Maida Marcello, Ramai Daryl, Mori Yuichi, Dinis-Ribeiro Mário, Facciorusso Antonio, Hassan Cesare
Department of Medicine and Surgery, University of Enna "Kore," Enna, Italy.
Division of Gastroenterology and Hepatology, University of Utah Health, Salt Lake City, Utah, USA.
Endoscopy. 2025 Mar;57(3):262-268. doi: 10.1055/a-2388-6084. Epub 2024 Aug 14.
This study aimed to evaluate the effectiveness of ChatGPT (Chat Generative Pretrained Transformer) in answering patients' questions about colorectal cancer (CRC) screening, with the ultimate goal of enhancing patients' awareness and adherence to national screening programs.
15 questions on CRC screening were posed to ChatGPT4. The answers were rated by 20 gastroenterology experts and 20 nonexperts in three domains (accuracy, completeness, and comprehensibility), and by 100 patients in three dichotomic domains (completeness, comprehensibility, and trustability).
According to expert rating, the mean (SD) accuracy score was 4.8 (1.1), on a scale ranging from 1 to 6. The mean (SD) scores for completeness and comprehensibility were 2.1 (0.7) and 2.8 (0.4), respectively, on scales ranging from 1 to 3. Overall, the mean (SD) accuracy (4.8 [1.1] vs. 5.6 [0.7]; < 0.001) and completeness scores (2.1 [0.7] vs. 2.7 [0.4]; < 0.001) were significantly lower for the experts than for the nonexperts, while comprehensibility was comparable among the two groups (2.8 [0.4] vs. 2.8 [0.3]; = 0.55). Patients rated all questions as complete, comprehensible, and trustable in between 97 % and 100 % of cases.
ChatGPT shows good performance, with the potential to enhance awareness about CRC and improve screening outcomes.
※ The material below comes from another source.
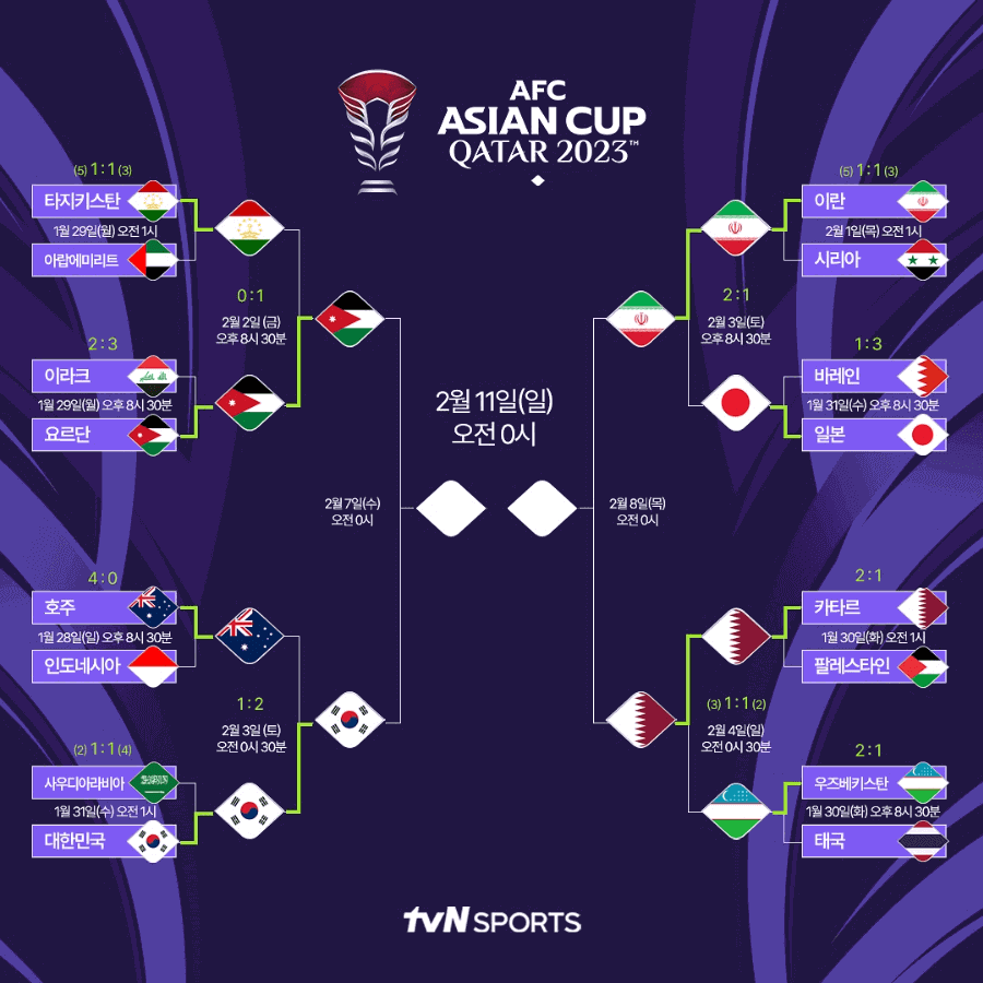 2023 카타르 아시안컵 4강 대진표는 다음과 같습니다.

Generative language systems may be further improved after proper training in accordance with scientific evidence and current guidelines.
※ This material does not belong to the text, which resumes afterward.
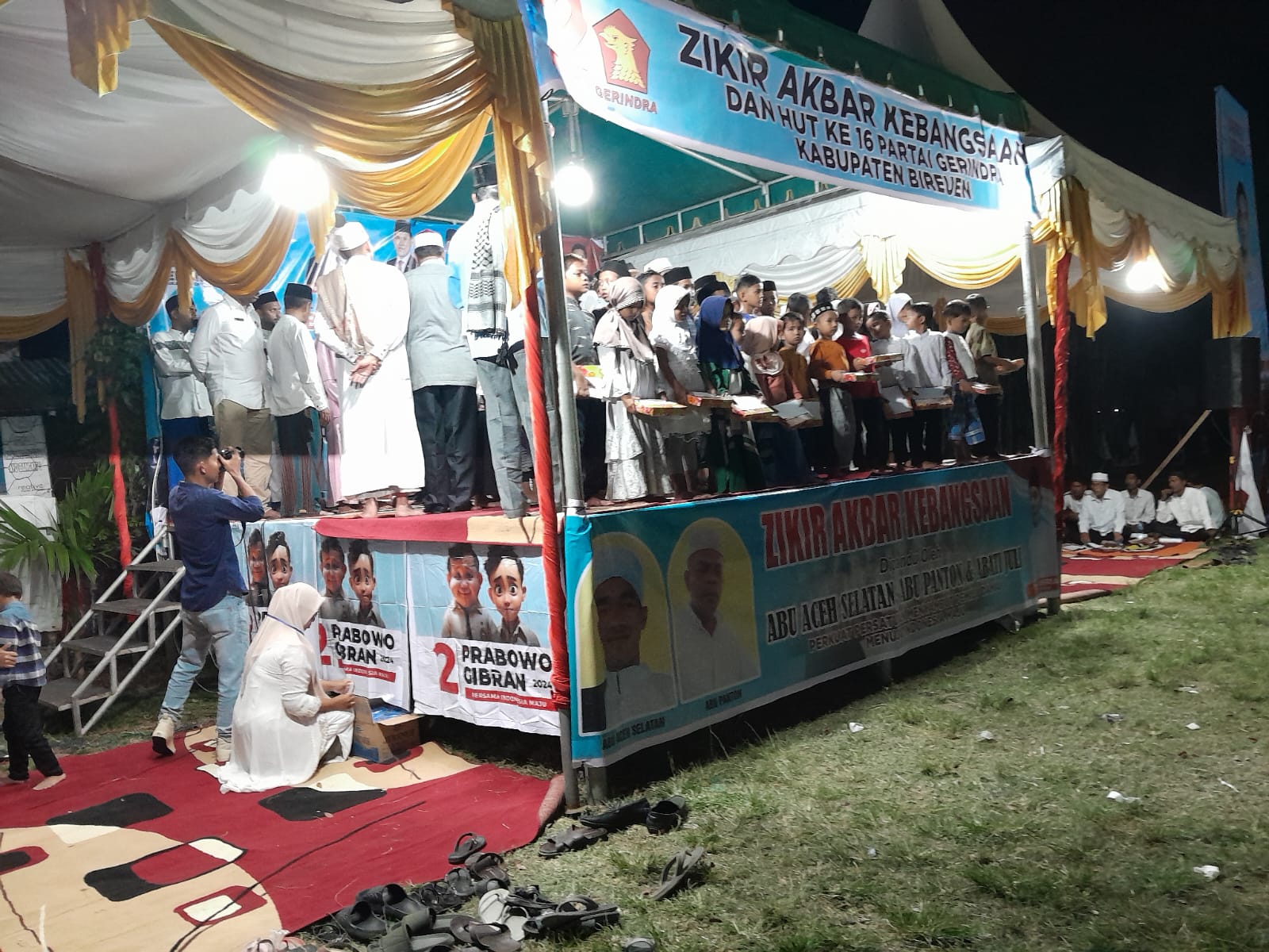 Zikir Akbar kebangsaan dan HUT Partai Gerindra Kabupaten Bireuen yang dilaksanakan di Lapangan Gampong Baro Sukses dihadiri sekitar 400 otang jamah ,9/2/2024

本研究旨在评估ChatGPT(聊天生成预训练变换器)回答患者关于结直肠癌(CRC)筛查问题的有效性,最终目标是提高患者对国家筛查计划的认识和依从性。
向ChatGPT4提出了15个关于CRC筛查的问题。20名胃肠病学专家和20名非专家在三个领域(准确性、完整性和可理解性)对答案进行评分,100名患者在三个二分领域(完整性、可理解性和可信度)对答案进行评分。
根据专家评分,在1至6分的量表上,平均(标准差)准确性得分为4.8(1.1)。在1至3分的量表上,完整性和可理解性的平均(标准差)得分分别为2.1(0.7)和2.8(0.4)。总体而言,专家的平均(标准差)准确性得分(4.8 [1.1] 对5.6 [0.7];<0.001)和完整性得分(2.1 [0.7] 对2.7 [0.4];<0.001)显著低于非专家,而两组之间的可理解性相当(2.8 [0.4] 对2.8 [0.3];=0.55)。在97%至100%的情况下,患者将所有问题评为完整、可理解和可信。
ChatGPT表现良好,有提高对CRC的认识和改善筛查结果的潜力。生成式语言系统在根据科学证据和现行指南进行适当训练后可能会得到进一步改进。